Design of BlockLauncher's entity renderer API
I maintain ModPE, a modding API for the video game Minecraft PE. Building a good API also requires engineering design, as the creation of the Entity Renderer API in ModPE demonstrates.
The first step of engineering design is to identify the problem. Through community engagement, I received feedback from mod creators, stating that they would like to create custom monsters. I broke down the problem into multiple parts: saving custom mobs with the world, controlling custom mobs, and, most importantly, specifying the apperance of custom monsters. I decided to scope down and tackle the last problem.
I used engineering design strategies by identifying reference designs and metrics. I consulted the mob renderer API from Minecraft Desktop Edition, which has all the features that I planned to add to my renderer API. The metrics I identified were:
- Usability:
- Number of changes needed to port Desktop Edition models over: fewer is better
- Time to learn the API: less is better
- Versatility:
- Types of models that the API can build: more is better
- "fitting in"
- Does it follow existing idioms in the ModPE API?
I decided to adopt an API that heavily resembles the Desktop Edition API, but does not resemble existing ModPE methods, neglicting the last metric. I chose this because I anticipated (without community feedback) that one major use case would be adapting Desktop Edition models to the Pocket Edition, and so I assumed that porting fidelity should be weighed heavily.
When possible, though, I did try to follow existing conventions: custom models can be used like the models built into the game, even though they were implemented differently, so that less time is needed to familarize oneself with the API.
Details, such as the method to access parts of the model, were also evaluated with metrics. I had two approaches: one was to give the script direct access to the model parts by indexing into an array. This would allow the editing of multiple types of models, making it more versatile, but may cause memory corruption, reducing its usability. The other approach requires me to name each part of the model, and the users would only be able to access the named parts. This limits its use to parts that have been given names, but avoids the crashes caused by accessing invalid indices. In the end, I decided that versatility in this case is second to usability, and thus chose the safer second method.
In the end, the high fidelity prototype of API fulfilled what I considered to be the objectives of the project: as I demonstrated here, Desktop Edition models could be ported in an easy 3-step process. However, this doesn't mean that the prototype is perfect: far from it.

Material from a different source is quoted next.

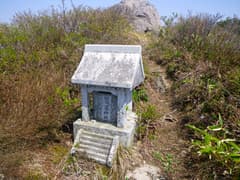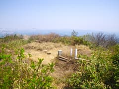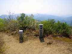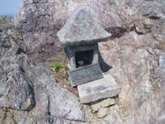 急坂をなんとかこなし、ようやく鷲ヶ巣山頂上に登り着く。頂上には大岩が点在し、新旧2基の石祠が祀られ、小平地の中央に三角点標石がある。
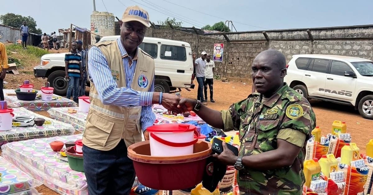The National Disaster Management Agency (NDMA) has provided essential relief items to victims of a recent fire incident at Tank Yard Field, behind the Presidential Lodge at Hill Station, Freetown.

After the API released, the community felt that, while the API was not difficult to learn, it was too unlike existing methods. I also observed that, contrary to my assumptions, most models were not ports from Desktop Edition, but were original creations, meaning that desktop edition compatibility shouldn't have been weighed as heavily. Based on these feedback, I am planning to re-iterate and create better APIs based on community suggestions, such as this more ModPE like alternative.
During the project, I noted that the community gives more useful advice with a high fidelity prototype. The prototype indicates the purpose of the API, and so the suggestions were in the same scope. Without the prototype, the feedback I received were often irrelevant.